Thread.

How does India deliver the COVID-19 vaccine to a health worker in a remote tribal village with spotty mobile connectivity?

@DashJatin, @dansiddiqui & I travelled to Odisha's Koraput district, just as India's vaccination prog started.

Our story:

reuters.com/article/us-hea…
This is Pendajam, a tiny tribal hamlet in the south Odisha highlands that is home to Reena Jani, a 34-year-old ASHA worker, who was among the first wave of Indians to be vaccinated against COVID-19 earlier this month.
Jani woke up early on Jan 16, finished her chores, checked on a nearby pregnant woman and then sat pillion on a neighbor’s bike to reach the vaccination centre.

This is what her ride to Mathalput Community Health Centre looked ride.
The vaccine Jani was about to receive had travelled much further. From @SerumInstIndia’S factory in Pune, it had travelled to Odisha’s capital city by air.

From there, a vaccine truck brought the shots some 500km to Koraput town.

On the way: traffic jams, cows, fog, fatigue.
A day after arriving in Koraput, the shots were again pulled out of a fridge, counted and packed carefully to delivery to vaccination centres.

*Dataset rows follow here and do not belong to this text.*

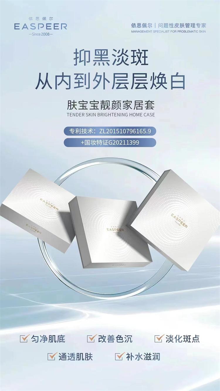 本次大会依思佩尔重磅发布的两大技术之二——“色素色斑管理术”。依思佩尔专家团队攻破美白淡斑技术壁垒,重磅推出“肤宝宝靓颜套”,着眼于美白祛斑关键“降低黑色素生成的连锁反应”,研发独特专利技术,专利配方协同复配,强势美白淡斑(专利证书+专利号ZL201810907160.2)(专利成分:积雪草、光果甘草、黄芩、虎杖、人参、紫球藻、银耳、欧洲落叶松)同时集合各大美白成分于一身,从而达到净化表层沉淀老废黑色素,阻断减弱酪氨酸酶的活性,减少黑色素的合成和释放,延缓其传输力,让黑色素处于“休眠状态”。通过权威美白淡斑测试,祛斑美白特证认证,结合独特仪器——无创无痕祛斑仪,从4大通路,直击色斑色素母体(抑制黑色素前体生成)(温和狙击黑色素传输)(直达肌底击碎黑色素)(加快净化沉积黑色素),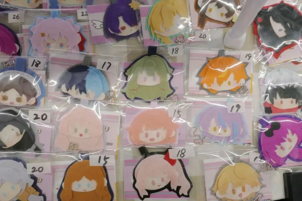 谷子集市开始营业前,她们早早到达地王广场摊位,从楼下仓库搬来一堆让年轻人疯狂的小物件,前排最显眼的位置放着畅销乙游男主的不织布制品,其余的按IP分类摆放。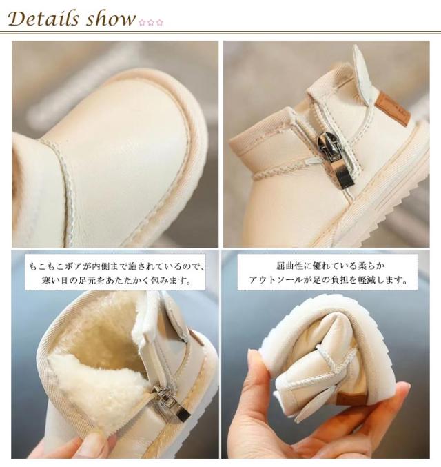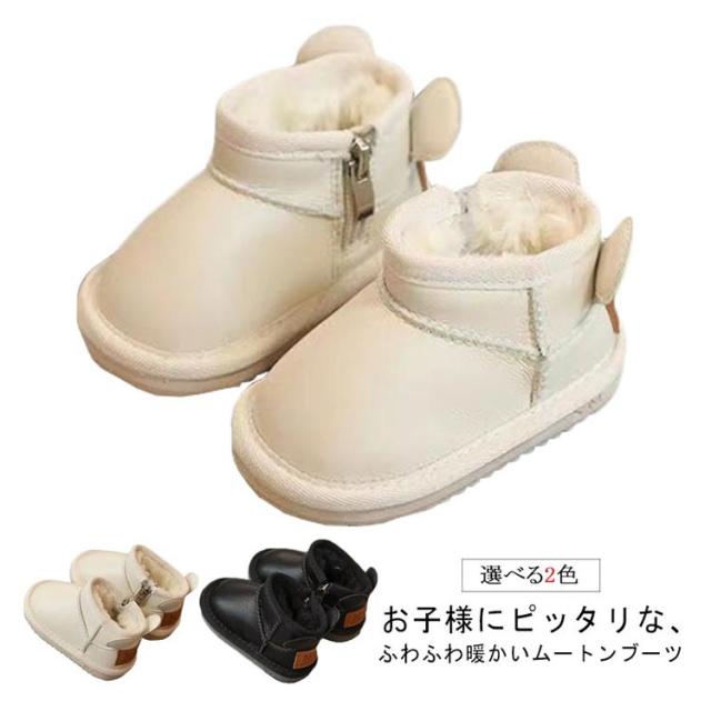 くつ 暖かい ムートン ブーツ 子供靴 子供 無地 ショート丈 耳付き キッズ 冬 靴 ムートンブーツ キッズ レザー 雪遊び 裏ボア こども シューズ 女の子 秋 冬 防寒 暖かい お揃い リンクコーデ 無地 シンプル ムートンブーツ お出かけ 友達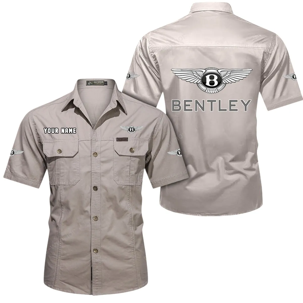 Bentley Short Sleeved Shirt, All Over Print Button Shirt CAR444052625843 – Beige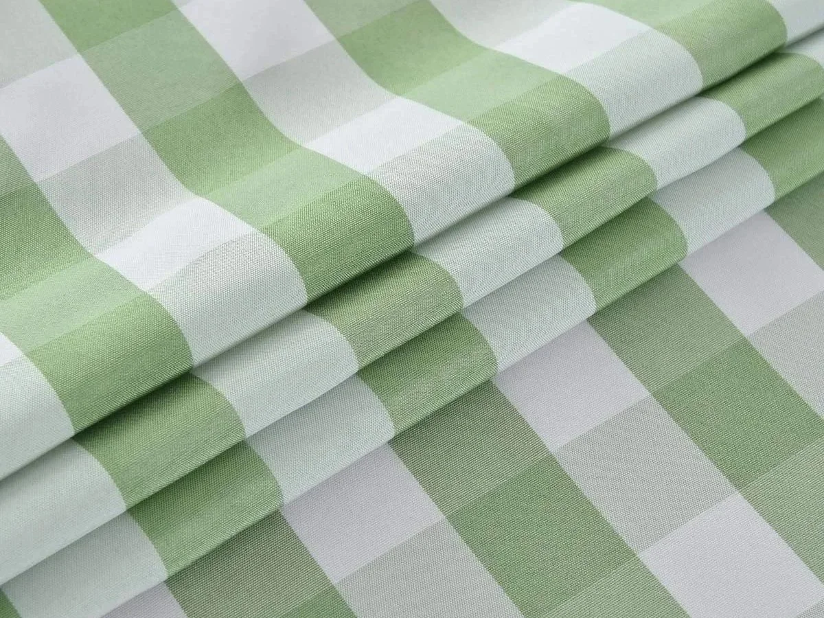 Description: Checkered, mint green + white rectangle tablecloth.

An armed policeman stood by the whole time, and then accompanied the van on its delivery run.
A small white vaccine van then took off for its delivery run, cutting through small country roads.

In all, India has distributed 16.5 million COVID-19 shots and this is how the vaccine travelled deep into the hinterland - all the while being kept at the required temperature.
At Mathalput Community Health Centre the next morning, officials and health workers first listened to the Prime Minister’s speech.

Then, they held a quick ceremony to appease the gods before starting the vaccination programme.

A coconut was expertly smashed.
Jani quietly waited her turn but she was scared.

“I was frightened because of my son and daughters. If something happens to me, what will they do?” Jani told us, visibly relieved after the injection produced no immediate side effects.
When she first learned she was to be vaccinated, Jani said she wasn’t worried. Then, she heard a rumour.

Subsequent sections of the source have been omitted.